DATA

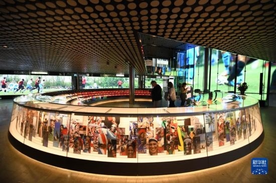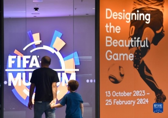 10月12日,在瑞士蘇黎世,人們參觀國際足聯(lián)博物館。新華社記者 連漪 攝
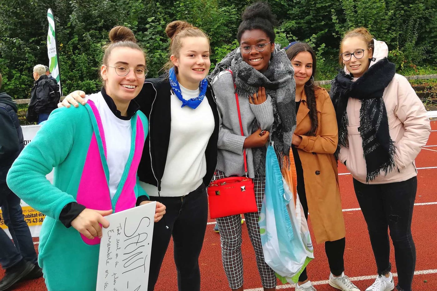 L’équipe comptait cette année 87 membres. Les élèves des 3es secondaires B et G étaient présents en masse, motivés par Mme Denoël, et tous portant un accessoire sur un thème bien précis.
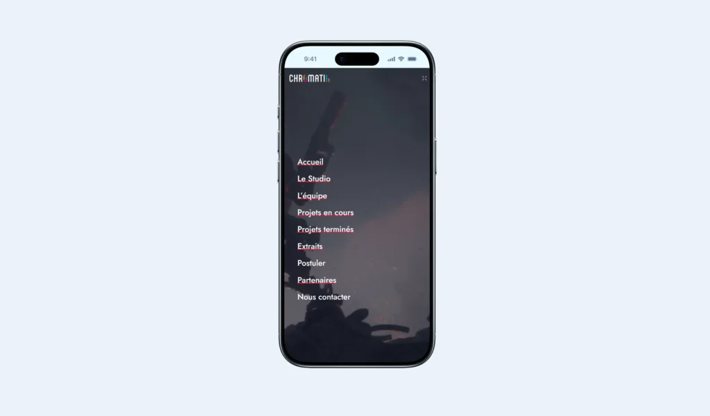 Nous avons commencé par des ateliers et échanges avec le studio pour comprendre leur vision artistique, leurs objectifs et la manière dont ils souhaitent communiquer avec leurs clients et partenaires. Cette phase a été essentielle pour concevoir un site cohérent avec l’ADN créatif de Chromatik Studio.
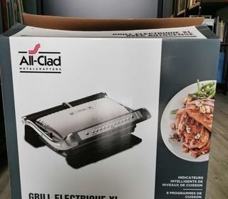 NEUF JAMAIS SERVI Grill électrique XL ALL CLAD avec autosense Indicateurs intelligents des niveaux de cuisson 9 programmes de cuisson 2 plaques de cuisson extra large anti adhés
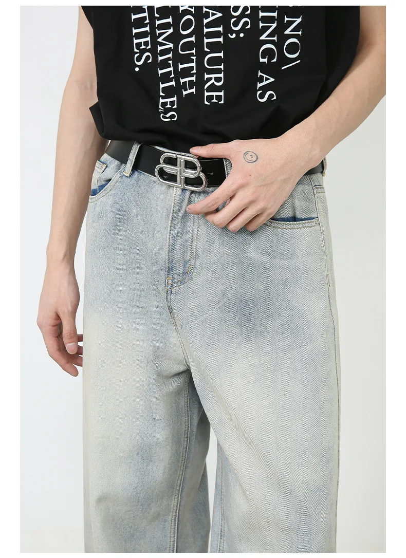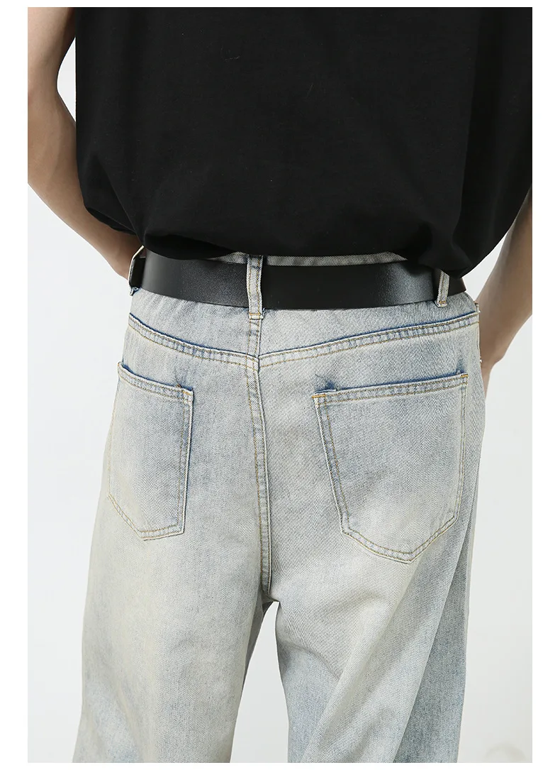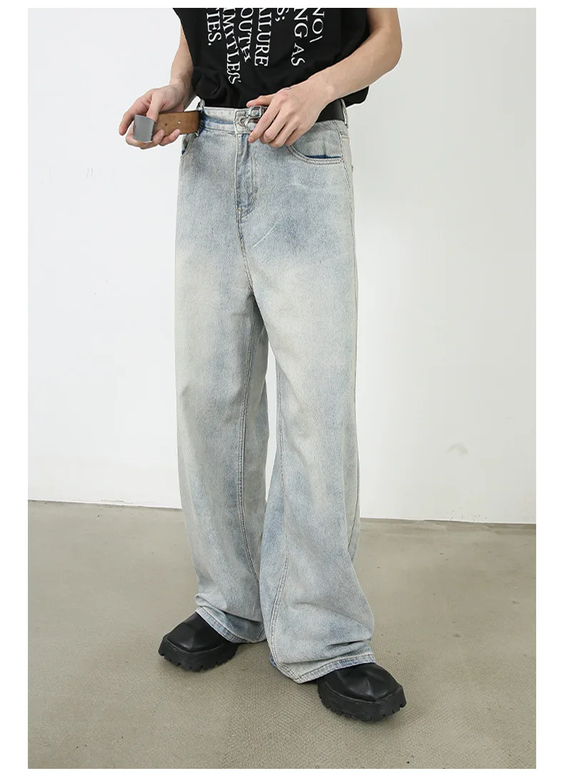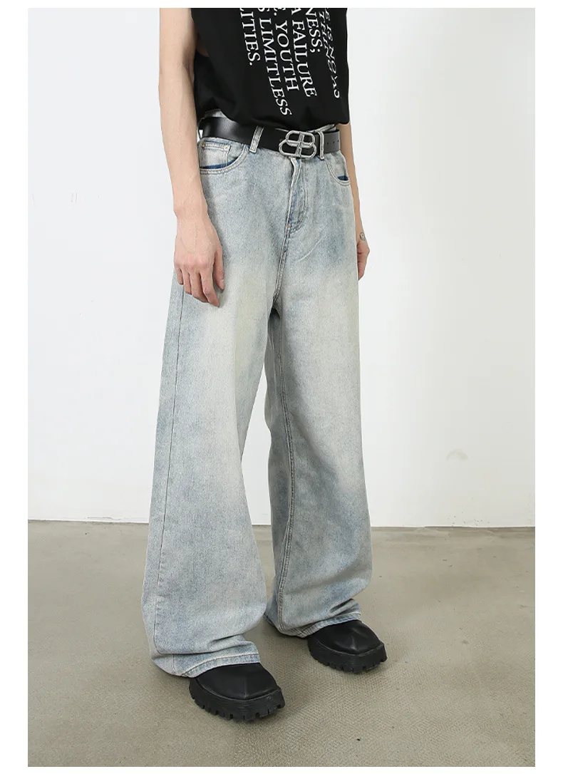 Aidase Korean Style Retro Fashion Distressed Light Blue Jeans Men Zippered Loose Casual Straight Leg Wide Leg Pants
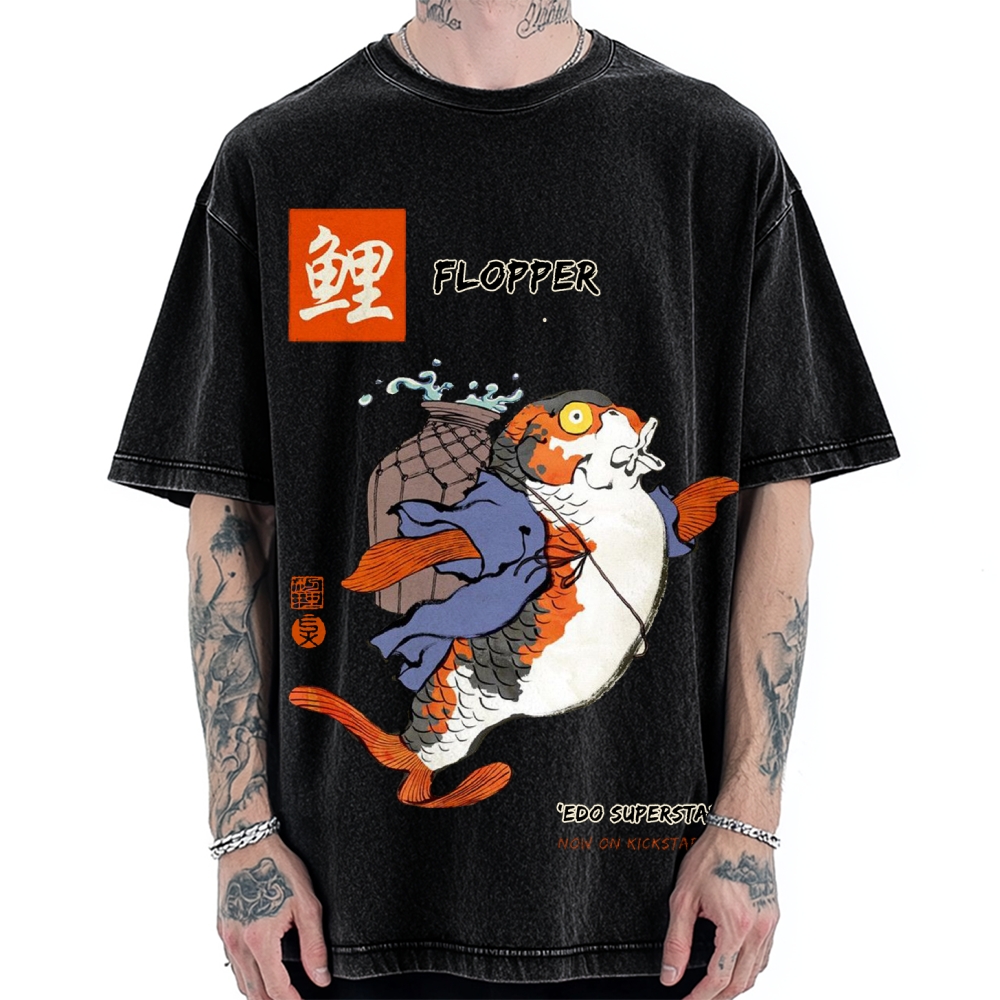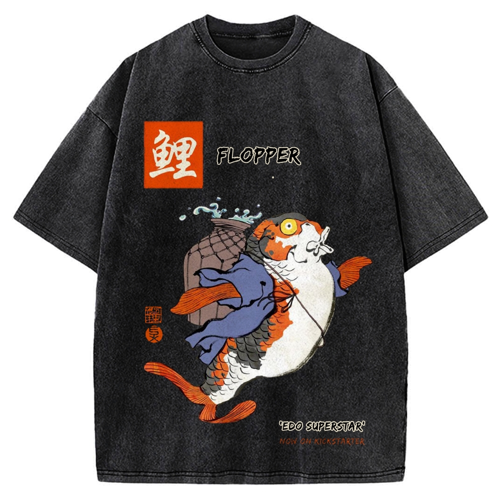 Japanese traditional painting Sumi-e Crap Painting Vintage Washed T-shirt
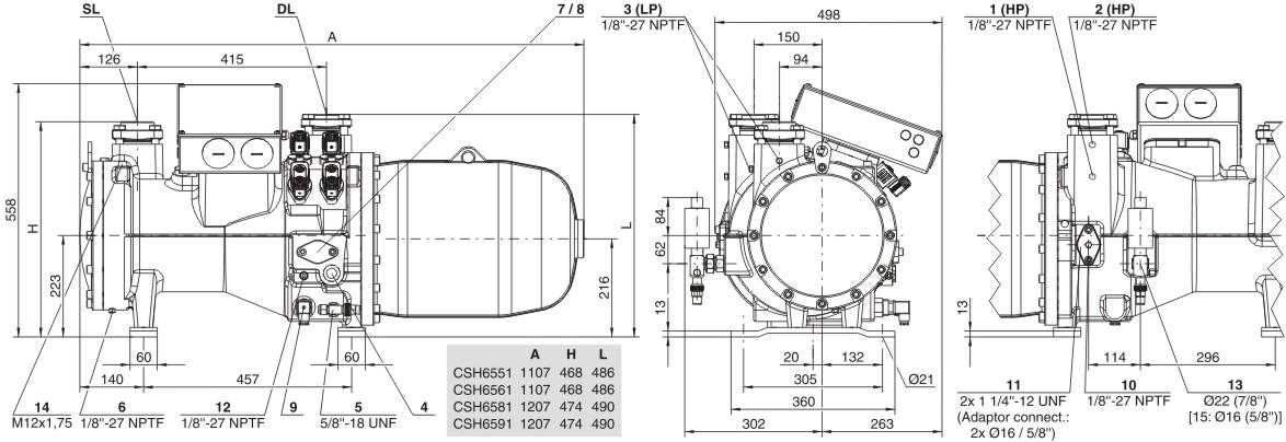 Технические данные: Рабочий объём (2900 об/мин, 50 Гц): 137 м³/ч; Рабочий объём (3500 об/мин, 60 Гц): 165 м³/ч; Вес: 322 кг; Макс. давление (LP/HP): 19 / 28 бар; Соединительный всасывающий трубопровод: 54 мм — 2 1/8 дюйма; Соединительная разгрузочная линия: 42 мм — 1 5/8 дюйма; Тип масла: R134a/R407C/R404A/R507A/R407A/R407F: BSE170 (опция); Тип масла R22: B320SH (стандартная); Данные двигателя: Версия двигателя: 1; Напряжение двигателя (подробнее по запросу): 380–415 В, ПВ-3, 50 Гц; Максимальный рабочий ток: 86,0 А; Коэффициент намотки: 50/50; Пусковой ток (ротор заблокирован): 218,0 A D / 411,0 A DD; Максимальная потребляемая мощность: 52,0 кВт; Класс корпуса: IP54; Масляный нагреватель: 200 Вт (стандарт); Маслоотделитель: Стандартный; Масляный фильтр: Стандартный; Датчик температуры нагнетаемого газа: Стандартный; Контроль мощности — 4 этапа: 100-75-50-25 % (стандарт); Контроль производительности - бесконечный: 100–25 % (стандарт); Встроенный обратный клапан: Стандартный; Защита двигателя: SE-E1 (стандартный), INT69VSY-II (стандартный для 660–690 В); Заправка маслом: 9,5 дм³.
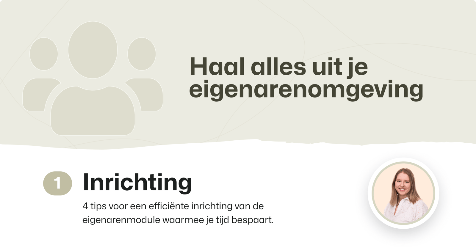 Het efficiënt beheren van huiseigenaren is voor veel recreatieondernemers een uitdaging. Door de eigenarenomgeving slim en overzichtelijk in te richten, kun je echter veel tijd en moeite besparen. Customer Success Specialist Iris staat voor je klaar en deelt 4 praktische tips om het beheer eenvoudig en effectief te maken.
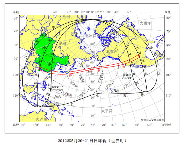 5月21日清晨,广西壮族自治区、海南省北部地区最先看到环食,随后是广东省、江西省、福建省,以及浙江省极南部,之后环食带入海,在擦过我国台湾省北部后,进入我国东海。日本东南部是本次日环食陆上观测条件最好的区域,在这里环食发生期间太阳的地平高度已经比较高了,环食带中心线穿过东京市区。接下来,环食带横跨北太平洋,在美国西南部结束。
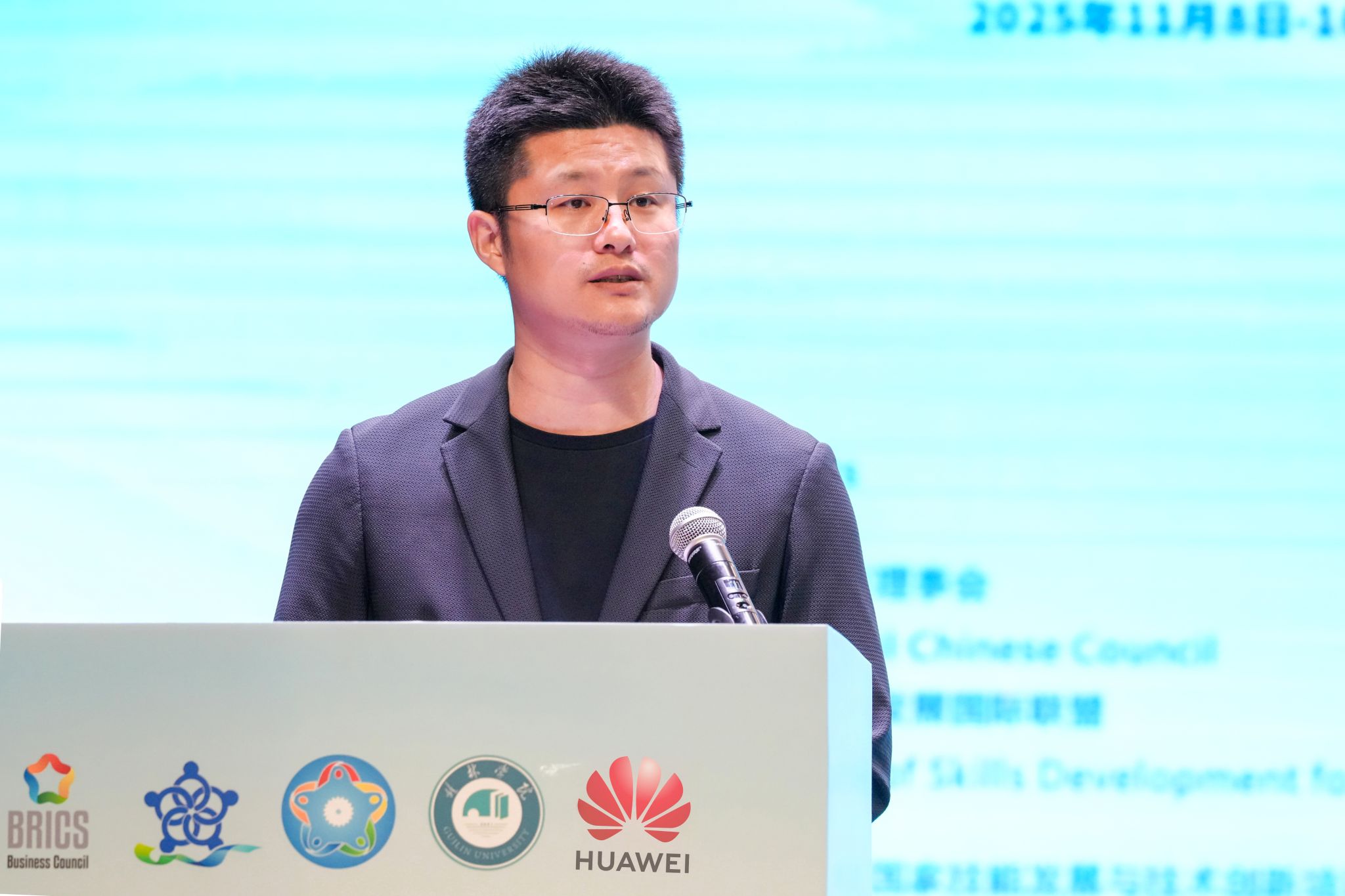 华为云云学堂负责人唐国军在开幕式上致辞,他围绕鸿蒙端云智能应用开发的行业前景展开,指出随着数字经济的快速发展,鸿蒙生态对专业技术人才的需求日益迫切。此外,他还介绍了贯穿本赛项的华为云学堂和华为开发者空间,并强调将持续在这些平台上优化课程内容和实践环境,让内容更贴近产业需求,让开发环境更便捷高效,让每一位开发者都能在这里找到适合自己的成长路径。未来华为云将持续深化与高校的合作,为鸿蒙生态建设与数字产业发展输送更多优质人才。
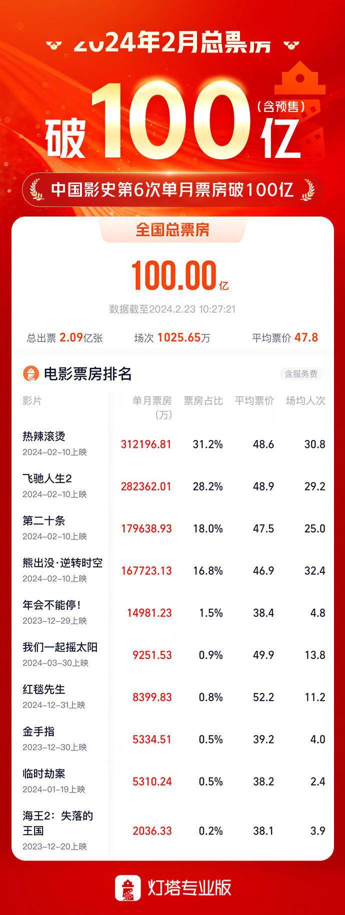 1905电影网讯据灯塔专业版数据显示,截至2月23日10时27分,中国电影2024年2月总票房(含预售)突破100亿元,总出票2.09亿张,场次达1025.65万,这也是中国影史第六次单月票房破100亿大关。
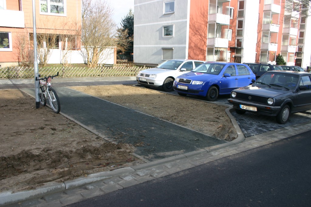 Das komplette Spektrum in einem Bild: Hinten die Rest-Grünfläche, zwischen den vorderen Autos die Betonrestfläche, eine überflüssige Ausrundung der Parkbucht (weil es ja sowieso eine "Parktasche" gibt) und die "wassergebundene" Decke für Fußgänger.

WHAT TO PRODUCE
The output should be the lines from the one with "1905电影网讯据灯塔专业版" through the end of the material above, both ends included, printed exactly and nothing else. Drop the pictures.

PROBLEM SOLUTION
 1905电影网讯据灯塔专业版数据显示,截至2月23日10时27分,中国电影2024年2月总票房(含预售)突破100亿元,总出票2.09亿张,场次达1025.65万,这也是中国影史第六次单月票房破100亿大关。
 Das komplette Spektrum in einem Bild: Hinten die Rest-Grünfläche, zwischen den vorderen Autos die Betonrestfläche, eine überflüssige Ausrundung der Parkbucht (weil es ja sowieso eine "Parktasche" gibt) und die "wassergebundene" Decke für Fußgänger.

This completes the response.